Those Who Can Say, "Give Him A Chance."


Ida Fink's spare and powerful novel, The Journey, begins on a golden, gorgeous autumn morning, the day that typically, the author and her family would harvest apples from a tree that adjoins both properties.  

But on this morning, the father has left his girls in hiding, watching as their neighbors harvest all the apples. They are Jewish and their neighbors are not, and it's Poland in 1939, and the Nazis have just told every Jew in town to come to the town square to be shipped off to an "internment camp." So, the sisters, terrified, listen to the screams coming from the town square, while their neighbors move the ladder and pick bushels of apples from the tree.

I've been thinking about apple-picking as we enjoy these extraordinary, golden, unusually warm days of autumn and recover from the shock of the election. I keep thinking of those apples every time someone says to me, "I'm just going to trust it will be okay and enjoy this gorgeous day." Because those people, like the Ida Fink's neighbors, can do that. Not from any ill-will, not because they're evil, but because they can go on picking apples while others fear that they will be shot, or harassed or rounded up in the town square or shipped off to some unknown location, or go into hiding, their identities stripped from them as they scurry from place to place, terrified.

After all, I'm sure that on many days, during many raffles, (what the Germans called the roundup of Jews,) many decent people longed to hope for the best, to enjoy the beautiful weather, to pick those apples and try to believe that it would all be all right. Maybe it will be all right. As long you're not one of the targets and you're willing to pick apples while others are targeted.

Thursday, November 10, 2016

The Allure of a Despot

The real fascination of a character like Henry VIII is that we all know him. We've all had a parent like him or a spouse or a boss. Someone who rules by terror, who likes to watch people hop, {who loves the freedom to grab women by the pussy} and who doesn't care whom he beheads.

The parallels reflect more than a liking for sumptuous decor and the habit of multiple wives. Like Henry VIII, Trump was raised with an abusive father who coupled rage, emotional neglect, and velvet gloves. Like Henry, Trump was the younger son, his older brother supposed to be the heir. As the darling of his father's empire, Henry VIII had a whipping boy, someone who was punished in his place whenever he misbehaved. Trump had a teacher who he punched in the face when he was only twelve--with no real consequences afterwards. 

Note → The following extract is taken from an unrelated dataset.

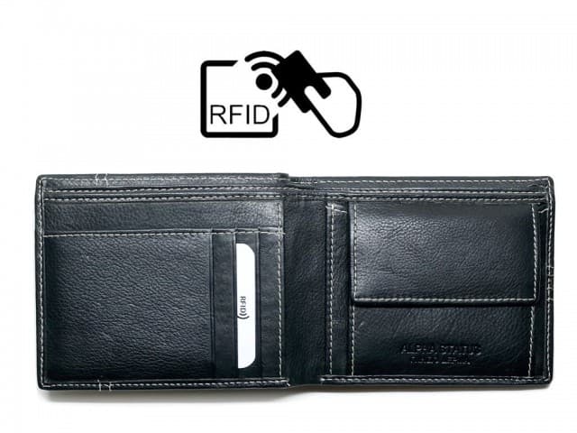 Όλα τα πορτοφόλια ALPHA STATUS είναι εφοδιασμένα με το ειδικό σύστημα προστασίας RFID το οποίο δημιουργεί μια ηλεκτρονική ομπρέλα προστασίας για τις χρεωστικές και πιστωτικές κάρτες σας. Έτσι δεν χρειάζεται πλέον να ανησυχείτε για κακόβουλες επιθέσεις σε σημεία με συνωστισμό, στα οποία άγνωστοι, με ειδικά μηχανάκια ανέπαφων συναλλαγών μπορούν να ¨ξαφρίσουν¨ την κάρτα σας.
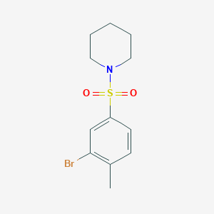 The synthesis of 1-(3-Bromo-4-methylphenylsulfonyl)piperidine typically involves the reaction of 3-bromo-4-methylbenzenesulfonyl chloride with piperidine . The reaction is carried out under controlled conditions, often in the presence of a base such as triethylamine, to facilitate the formation of the desired product. The reaction mixture is usually stirred at room temperature for several hours, followed by purification steps such as recrystallization or chromatography to obtain the pure compound.

Like Henry VII, Trump's father was a man so crooked it was probably hard for him to walk straight and he passed onto his son an empire where his word was law.  Roy Cohn was Trump's Cardinal Wolsey, a man behind the scenes who turned the scion of an empire into a unrepentantly immoral fighting bastard. With Cohn as his teacher, Trump, like Henry VIII, learned that it was perfectly acceptable to cheat the commoners who work for him, rage at them, cut their pay or stiff them completely--with everything based on a whim. 

I have always thought that watching the Tudors was a lot more fun than living among them must have been. And it wasn't just people at court whose heads rolled. Millions of commoners had their lives uprooted, destroyed or brutally ended simply because Henry wanted to divorce his wife and couldn't do it, and nobody--but nobody--could say no to the man. 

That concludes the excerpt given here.